Evaluation of GPT-based large language generative AI models as study aids for the national licensure examination for registered dietitians in Japan
作者: Yuta Nagamori, Mikoto Kosai, Yuji Kawai, Haruka Marumo, Misaki Shibuya, Tatsuya Negishi, Masaki Imanishi, Yasumasa Ikeda, Koichiro Tsuchiya, Asuka Sawai, Licht Miyamoto
分类: cs.CL
发布日期: 2025-08-05
💡 一句话要点
评估基于GPT的大语言生成AI模型作为日本注册营养师考试的学习辅助工具
🎯 匹配领域: 支柱九:具身大模型 (Embodied Foundation Models)
关键词: 生成式人工智能 大型语言模型 营养教育 学习辅助工具 模型评估 提示工程 考试准备
📋 核心要点
- 现有的生成AI模型在营养教育领域的应用尚未得到充分验证,尤其是在日本注册营养师考试中表现不佳。

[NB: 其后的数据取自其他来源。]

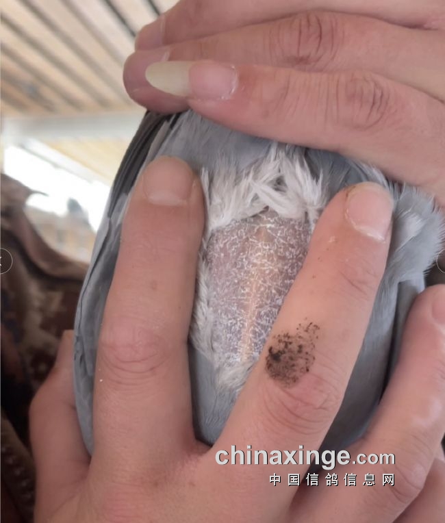 现阶段,每日都在进行160分钟以上的强飞训练。强飞之前,鸽体肌肉已没过龙骨、羽毛柔顺,在强飞喂食结束后,随机抓一只鸽子就会发现,这时候的肌肉较飞之前下去了一点,肌肉变软与龙骨略微持平,活力依旧良好,而且仔细发现,膀条上已经长油、有明显的飞行痕迹,肌肉上的虎皮开始向下爆。

- 本研究通过使用日本国家注册营养师考试的问题,评估了基于GPT的生成AI模型作为学习辅助工具的有效性。
- 实验结果显示,Bing-Precise和Bing-Creative模型的表现优于其他模型,但整体准确性和一致性仍需改进。
📝 摘要(中文)
基于大型语言模型(LLM)的生成式人工智能(AI),如ChatGPT,在医学和教育等多个专业领域取得了显著进展。然而,它们在营养教育,特别是日本注册营养师国家执照考试中的表现仍未得到充分探讨。本研究旨在评估当前基于LLM的生成AI模型作为营养学生学习辅助工具的潜力。研究使用了日本国家注册营养师考试的问题作为ChatGPT和三个Bing模型(Precise、Creative、Balanced)的提示。结果表明,Bing-Precise(66.2%)和Bing-Creative(61.4%)超过了及格线,而其他模型的表现则不尽如人意。尽管某些生成AI模型略微超过了及格线,但整体准确性和答案一致性仍然不理想,显示出在答案稳定性方面的局限性。
🔬 方法详解
问题定义:本研究旨在解决基于生成AI的学习辅助工具在日本注册营养师考试中的有效性不足的问题。现有方法在准确性和答案一致性方面存在明显的短板。
核心思路:通过使用国家考试问题作为提示,评估不同生成AI模型的表现,并探索提示工程对模型性能的影响。
技术框架:研究使用了ChatGPT和三个Bing模型(Precise、Creative、Balanced),每个问题在独立会话中输入,分析模型的准确性、一致性和响应时间。
关键创新:本研究首次系统评估了生成AI模型在特定专业领域(营养教育)中的应用,揭示了模型在答案一致性和稳定性方面的局限性。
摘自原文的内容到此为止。